> **What you should do**
Pictures excluded, return the lines below from the first through the line holding "振 幅: | 3.67% |".

(Dataset entries)
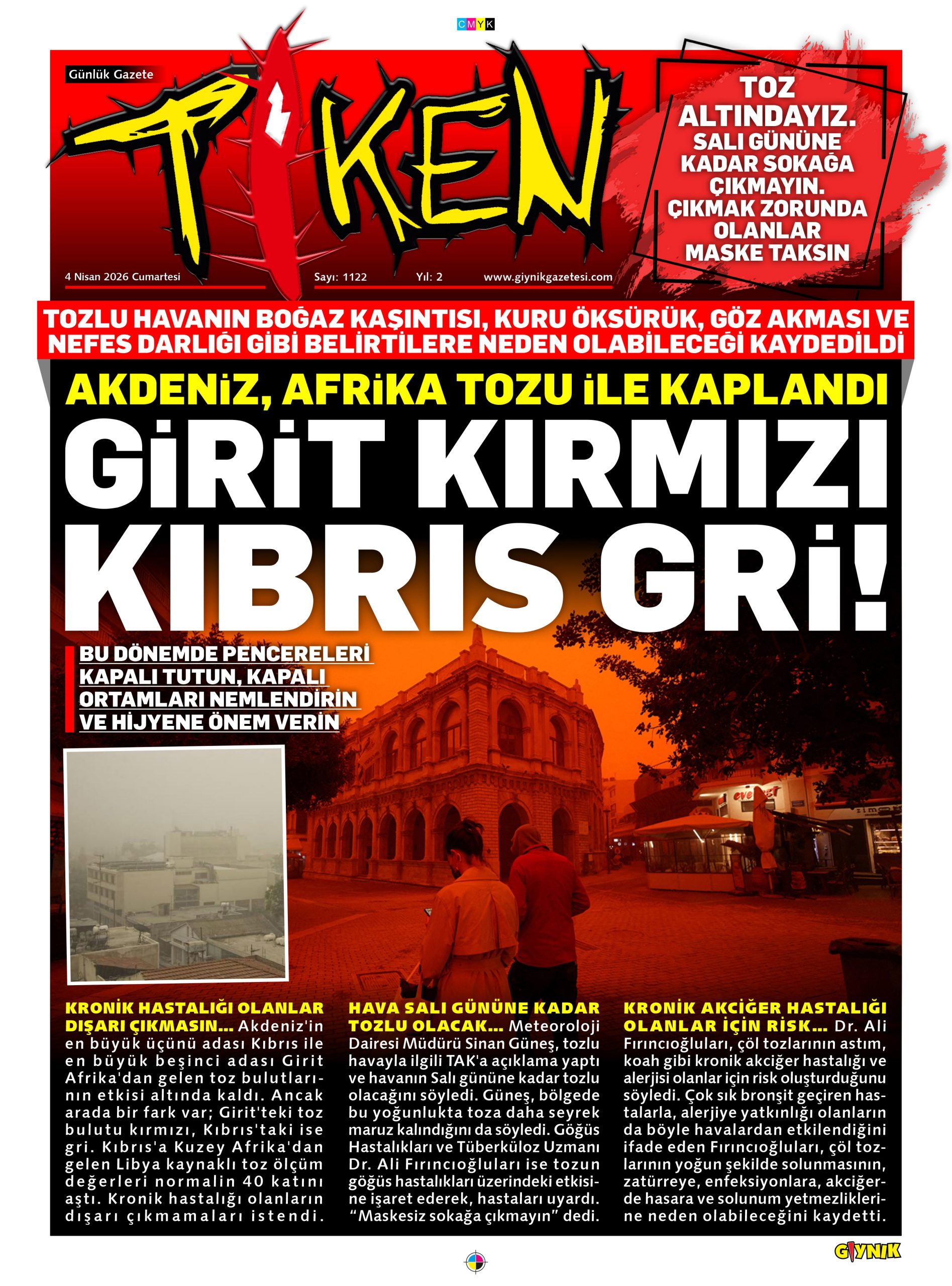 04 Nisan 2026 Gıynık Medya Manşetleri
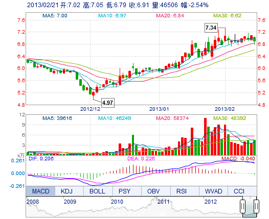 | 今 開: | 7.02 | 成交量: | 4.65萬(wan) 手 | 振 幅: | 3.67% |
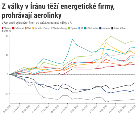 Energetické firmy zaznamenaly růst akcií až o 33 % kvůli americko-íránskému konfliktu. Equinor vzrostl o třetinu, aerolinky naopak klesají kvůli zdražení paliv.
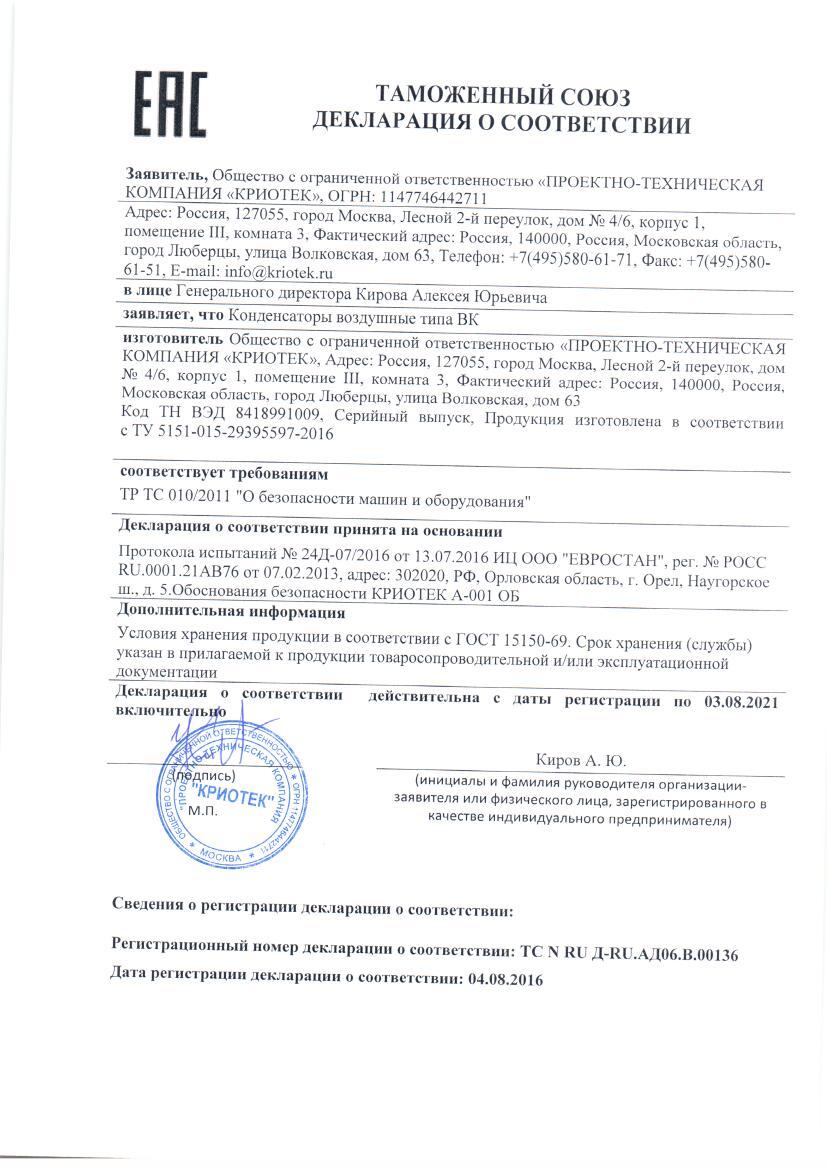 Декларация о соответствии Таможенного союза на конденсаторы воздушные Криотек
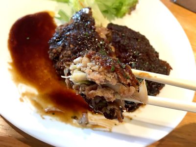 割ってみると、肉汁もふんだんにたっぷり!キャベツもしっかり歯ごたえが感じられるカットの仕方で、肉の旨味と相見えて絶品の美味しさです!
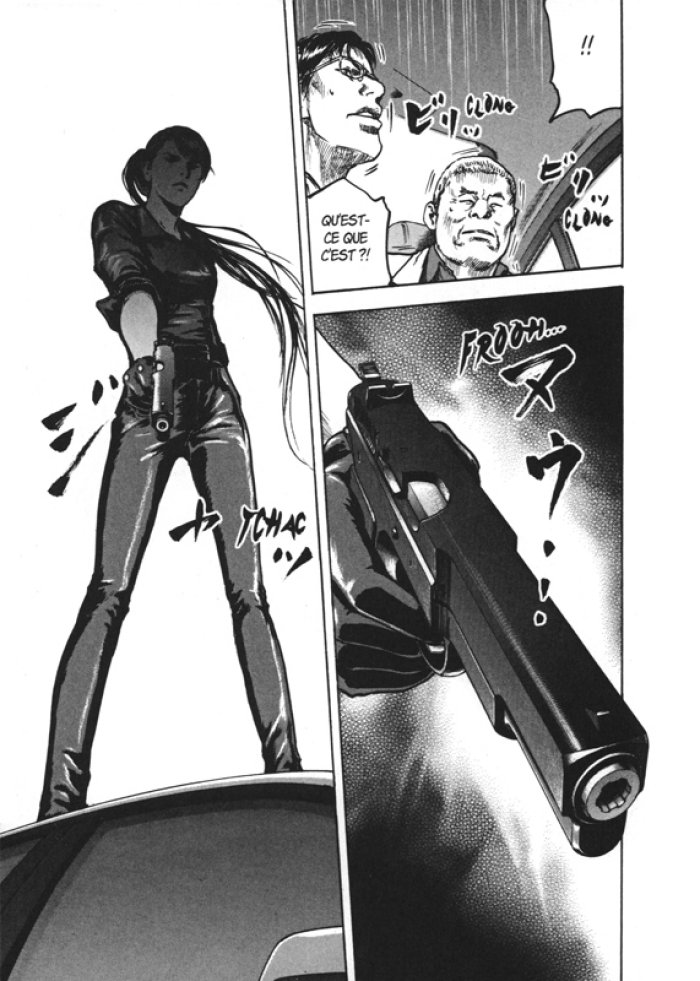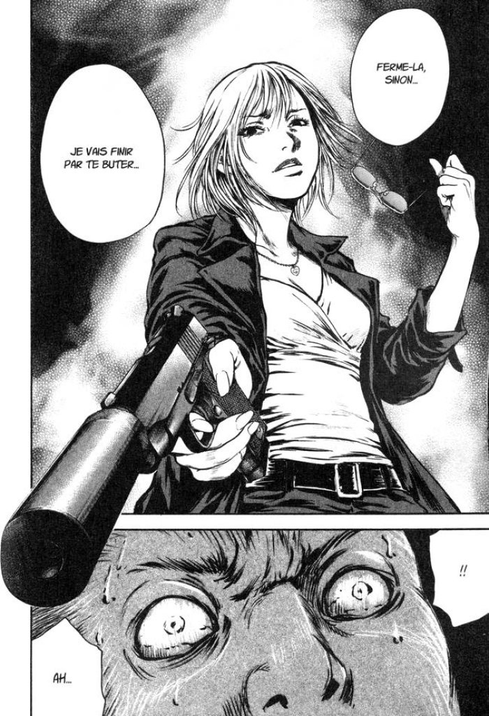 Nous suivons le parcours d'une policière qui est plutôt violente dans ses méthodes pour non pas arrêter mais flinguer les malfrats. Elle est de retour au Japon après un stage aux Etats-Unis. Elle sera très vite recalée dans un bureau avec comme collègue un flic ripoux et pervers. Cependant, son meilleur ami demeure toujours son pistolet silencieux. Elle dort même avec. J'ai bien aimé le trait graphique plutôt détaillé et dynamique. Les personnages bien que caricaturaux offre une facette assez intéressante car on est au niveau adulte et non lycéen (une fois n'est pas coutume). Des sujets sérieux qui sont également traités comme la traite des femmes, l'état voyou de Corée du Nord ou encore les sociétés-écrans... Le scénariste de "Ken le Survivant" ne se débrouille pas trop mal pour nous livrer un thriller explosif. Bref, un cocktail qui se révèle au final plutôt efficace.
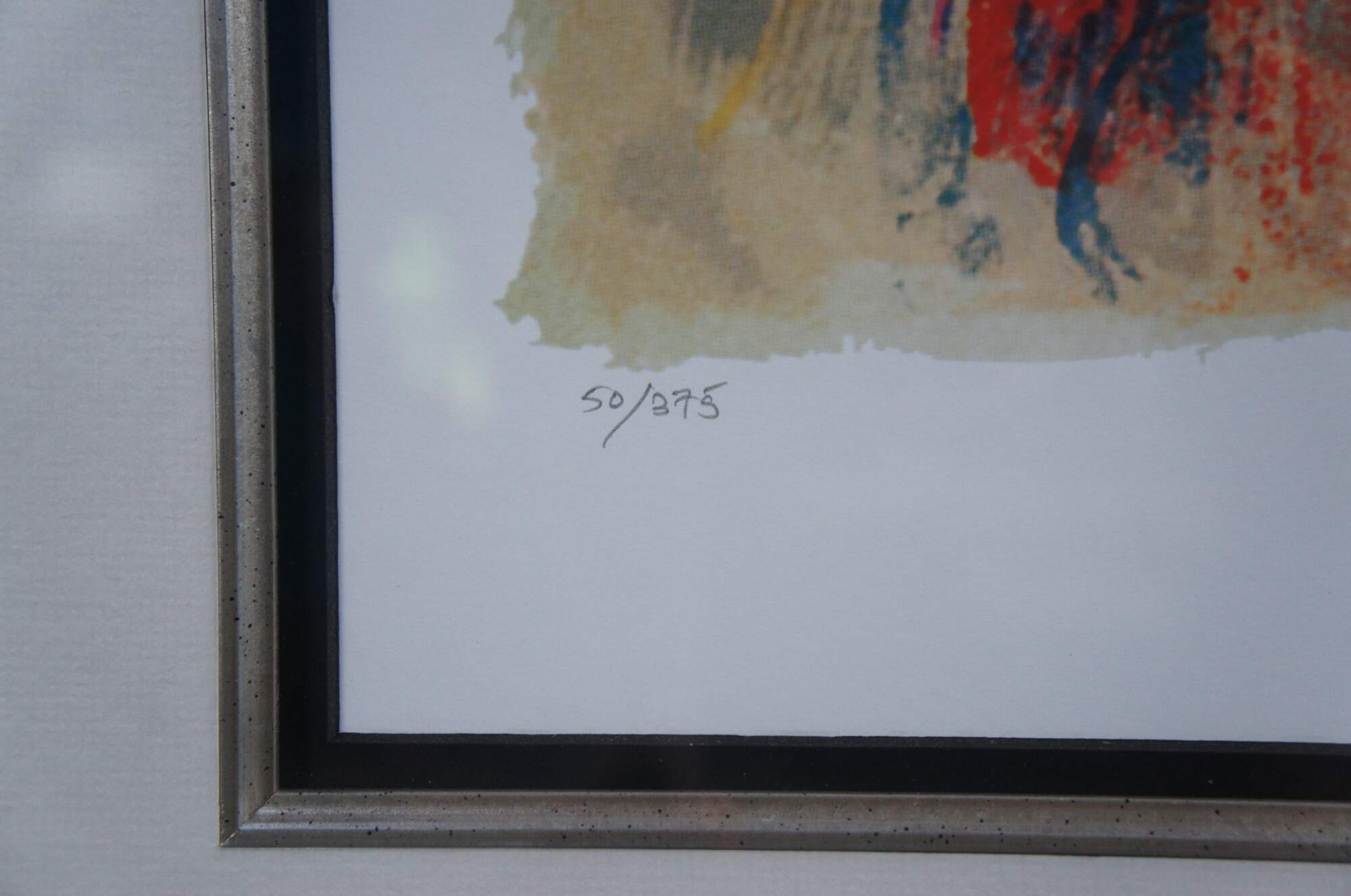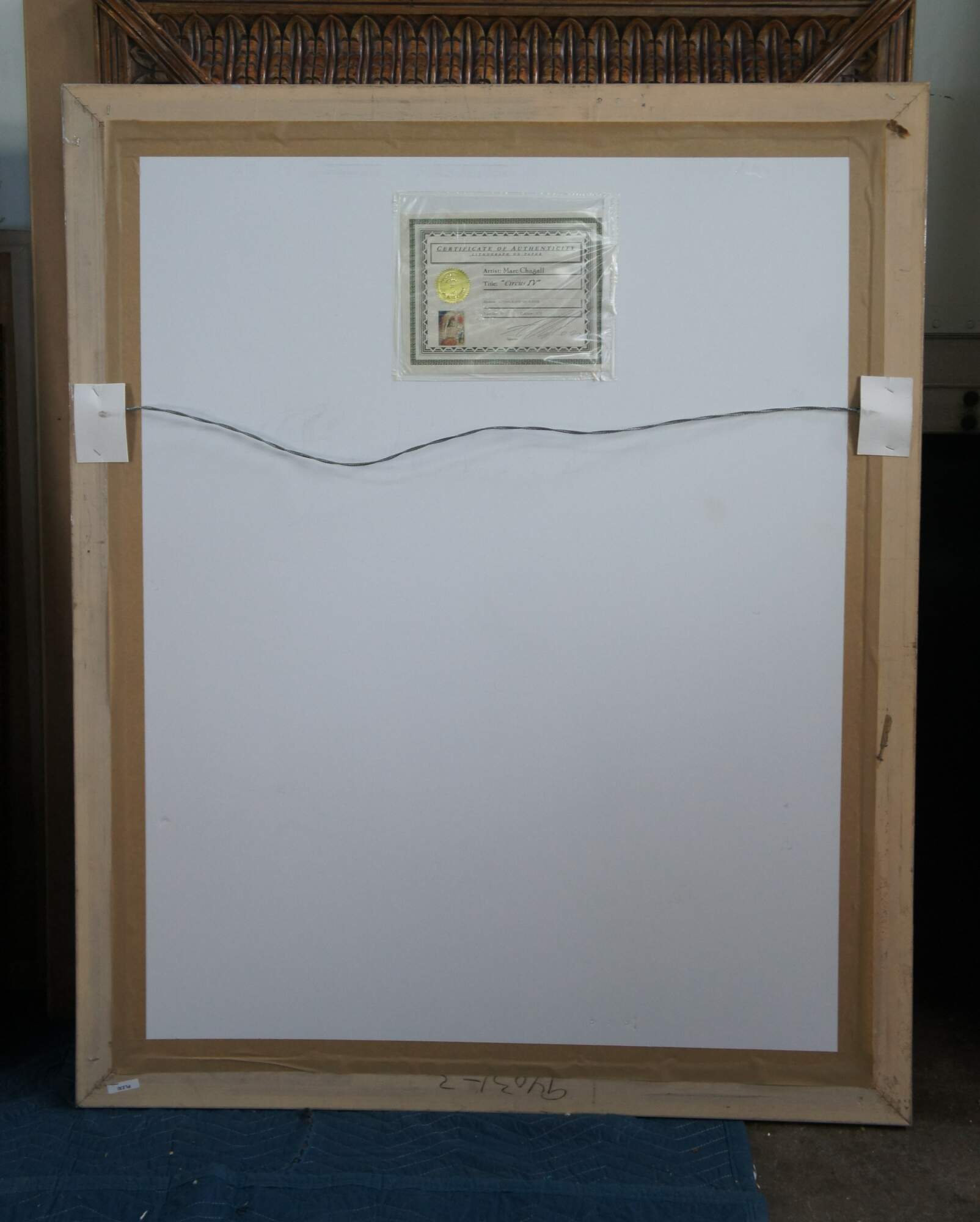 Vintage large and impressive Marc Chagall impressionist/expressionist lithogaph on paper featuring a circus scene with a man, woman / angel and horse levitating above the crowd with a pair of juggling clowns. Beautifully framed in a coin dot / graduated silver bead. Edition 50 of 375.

> **Solution below**
 04 Nisan 2026 Gıynık Medya Manşetleri
 | 今 開: | 7.02 | 成交量: | 4.65萬(wan) 手 | 振 幅: | 3.67% |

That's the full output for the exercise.